Input data Start Marker

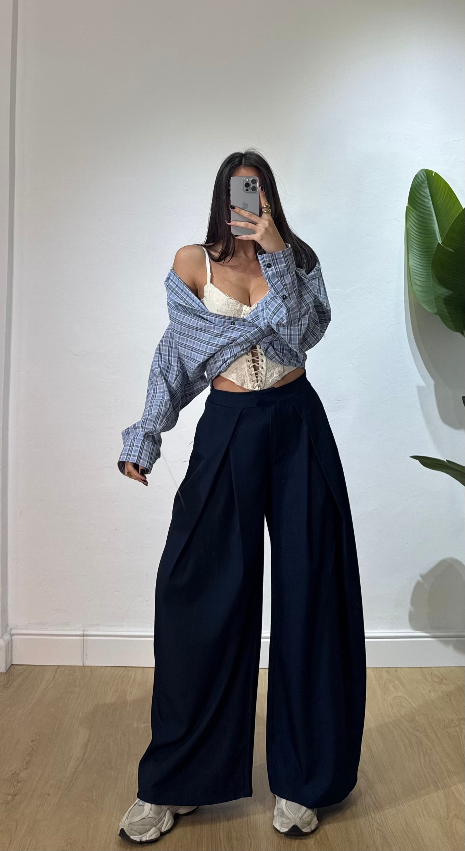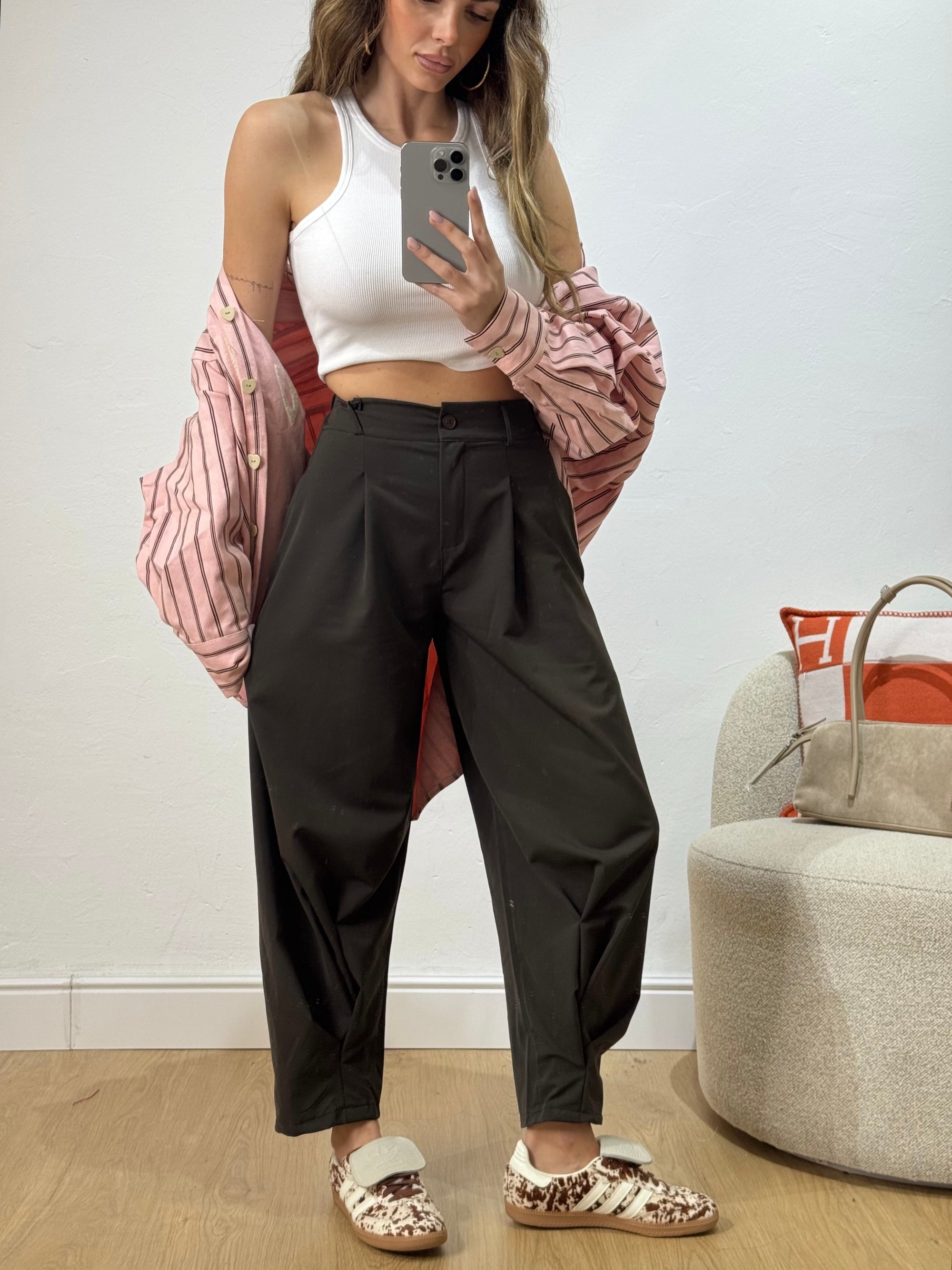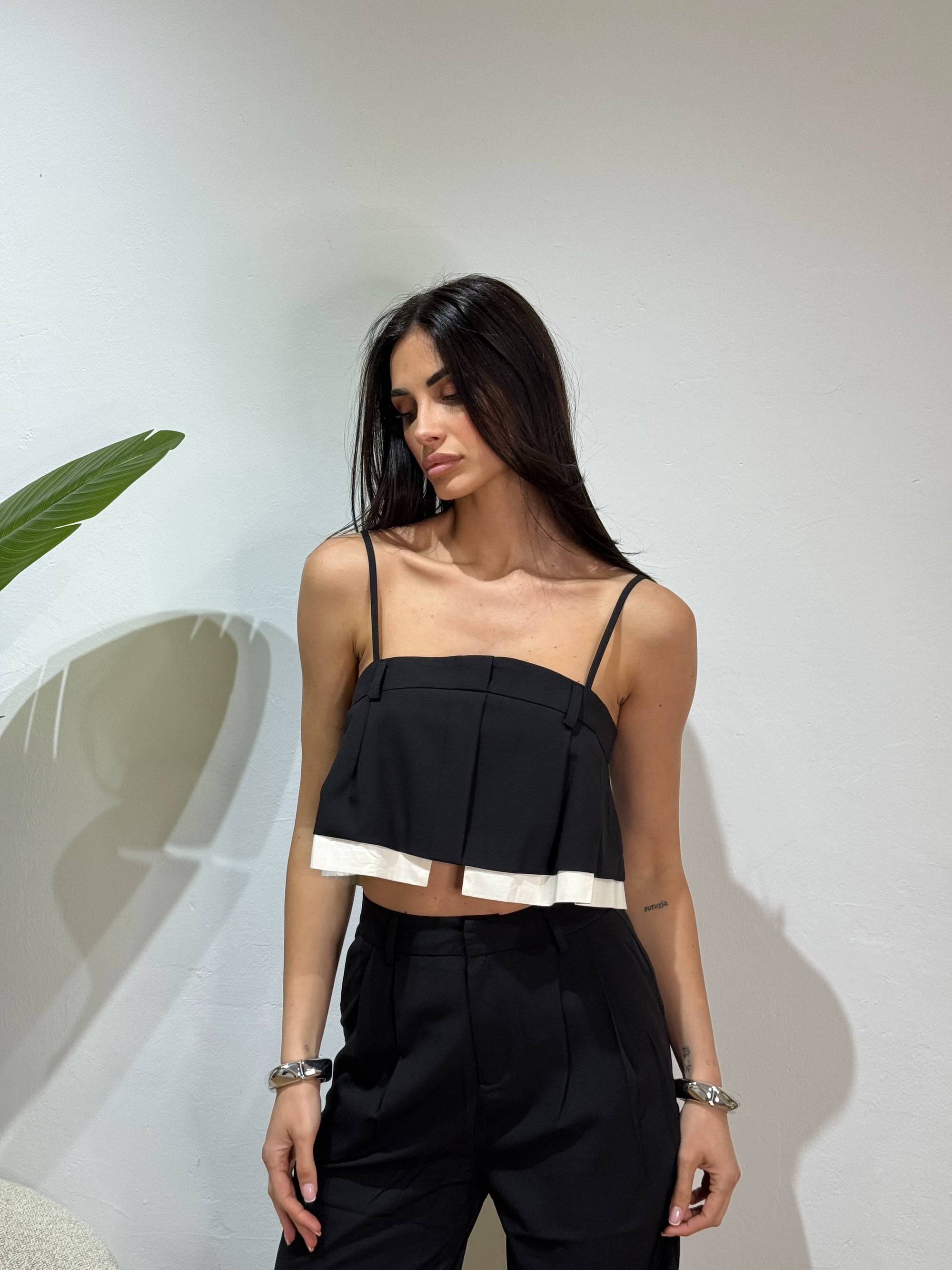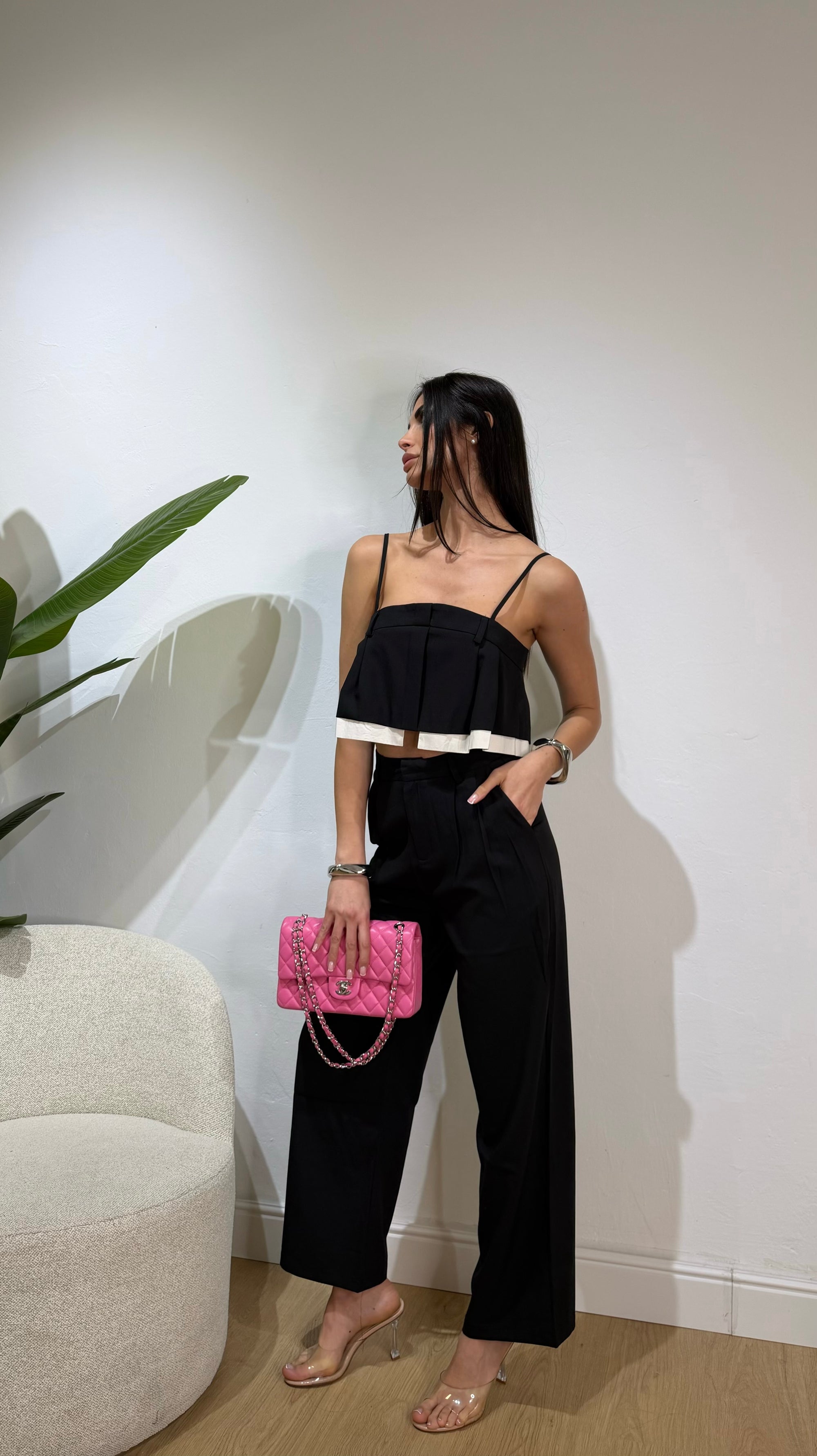 completo composto da canotta crop con bottoncini e pantalone palazzo con elastico in vita.
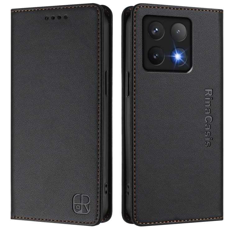 Funda De Cuero Con Doble Pliegue Y Succión Magnética Rfid Para Xiaomi 14T Pro Rc01 (Negra)
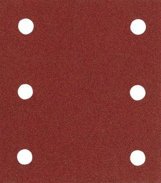 Alumínium-oxid csiszolópapír műgyantakötéssel, "E" papíron Ajánlott felhasználás: Fa, fém, falazat, rozsdamentes anyagok és műanyag csiszolására. BO4555 típusú géphez. Paraméterek: Anyag: Alumínium-oxid Kiszerelés: 10 db/csomag Méret: 114 x 102 mm Szemcseméret: K150 "E" hordozóanyag: 200 - 250 g/m2
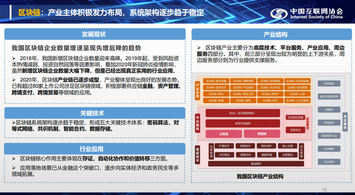 2020年我国区块链产业链已逐步形成,产业整体呈现良好的发展态势,虽然新增区块链企业的数量大幅度下降,但是已经出现了真正的实用的行业应用,截止到目前,已有超过80家上市公司涉足区块链领域,积极推进部署供应链包括金融、资产管理、跨境支付、跨境贸易等领域的应用。
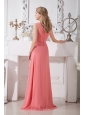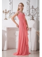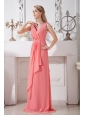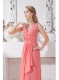 Home >  Bridesmaid Dresses >  Cheap Bridesmaid Dresses > Watermelon Red Empire V-neck Ruch Bridesmaid Dress Chiffon Brush Train

Input data End Marker

## Your instructions
Print the data above verbatim from the first line through the line holding "Funda De Cuero", leaving every picture out.

## Answer box
 completo composto da canotta crop con bottoncini e pantalone palazzo con elastico in vita.
 Funda De Cuero Con Doble Pliegue Y Succión Magnética Rfid Para Xiaomi 14T Pro Rc01 (Negra)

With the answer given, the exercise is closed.